We are excited to share that Climate Connect Digital (CCD) hosted its webinar on the 24th of May. This impactful event was centred around Digital Measurement, Reporting, and Verification (DMRV). DMRV represents a paradigm shift in climate action, leveraging advanced technology to automate the precise measurement, reporting, and verification of greenhouse gas emissions and sustainability metrics. With the potential to significantly reduce the time it takes to verify carbon credits, DMRV has captured the attention of environmental enthusiasts and industry professionals alike.

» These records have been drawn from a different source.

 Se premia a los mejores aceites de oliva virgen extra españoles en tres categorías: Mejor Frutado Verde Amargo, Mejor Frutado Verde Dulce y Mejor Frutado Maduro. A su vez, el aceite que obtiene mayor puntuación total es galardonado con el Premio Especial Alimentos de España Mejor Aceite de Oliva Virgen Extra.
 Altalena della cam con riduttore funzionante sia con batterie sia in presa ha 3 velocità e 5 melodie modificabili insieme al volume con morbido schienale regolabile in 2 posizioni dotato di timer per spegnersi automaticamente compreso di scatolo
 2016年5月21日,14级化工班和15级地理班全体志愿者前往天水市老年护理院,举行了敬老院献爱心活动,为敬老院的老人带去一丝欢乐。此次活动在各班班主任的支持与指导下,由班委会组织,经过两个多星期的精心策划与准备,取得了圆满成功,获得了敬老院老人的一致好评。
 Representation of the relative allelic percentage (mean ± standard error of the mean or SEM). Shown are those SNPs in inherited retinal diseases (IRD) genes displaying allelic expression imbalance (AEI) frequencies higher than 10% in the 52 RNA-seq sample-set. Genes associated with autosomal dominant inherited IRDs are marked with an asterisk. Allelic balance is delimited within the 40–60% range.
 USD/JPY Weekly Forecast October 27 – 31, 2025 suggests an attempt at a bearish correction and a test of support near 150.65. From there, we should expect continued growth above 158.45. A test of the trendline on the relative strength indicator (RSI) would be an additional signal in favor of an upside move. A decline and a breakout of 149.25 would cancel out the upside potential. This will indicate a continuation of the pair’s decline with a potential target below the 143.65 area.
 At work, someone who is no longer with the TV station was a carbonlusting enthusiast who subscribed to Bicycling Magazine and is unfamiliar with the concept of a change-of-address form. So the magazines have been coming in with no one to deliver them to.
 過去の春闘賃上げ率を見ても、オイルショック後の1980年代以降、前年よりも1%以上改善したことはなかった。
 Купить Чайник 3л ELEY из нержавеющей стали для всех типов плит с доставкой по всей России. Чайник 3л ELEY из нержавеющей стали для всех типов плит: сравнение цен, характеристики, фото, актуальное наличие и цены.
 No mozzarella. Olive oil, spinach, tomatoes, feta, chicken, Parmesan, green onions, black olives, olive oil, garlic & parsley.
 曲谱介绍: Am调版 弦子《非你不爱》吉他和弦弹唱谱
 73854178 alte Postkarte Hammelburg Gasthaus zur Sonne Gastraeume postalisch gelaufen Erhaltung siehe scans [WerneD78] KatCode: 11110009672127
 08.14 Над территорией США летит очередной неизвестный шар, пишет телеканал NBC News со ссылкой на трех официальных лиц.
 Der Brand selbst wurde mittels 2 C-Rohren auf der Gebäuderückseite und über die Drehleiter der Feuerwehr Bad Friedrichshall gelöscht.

During his presentation, Amit Narayan explained why he sees AI as a powerful tool to tackle climate change, and presented one of the most promising AI-powered energy solutions.
AI and climate tech
Due to its software-based asset-light nature, AI can enable faster scaling of solutions to reduce greenhouse gas emissions and mitigate their effects. Amit categorises the applications of AI in the context of climate tech into three broad buckets. The first of these includes improving the efficiency and productivity of operations and customer interactions. Generative AI, particularly large language models, can help engage customers and improve their experience, which is especially valuable in the energy sector.
The second category focuses on specific applications within the climate tech domain, such as measuring, monitoring, forecasting and reporting the impact of various solutions. Amit believes that advancements in AI, including convolutional neural networks (CNNs) and foundational models, can have a significant impact in these areas, spanning emissions from grids, buildings, transportation, farms, forests and industrial processes.
The third category involves the use of AI for scientific computation, enabling the discovery of new materials and advancements in chemistry, biology and physics. Although this area is still in the early stages compared to language models like ChatGPT, Amit expects to see more applications emerging here in the near future.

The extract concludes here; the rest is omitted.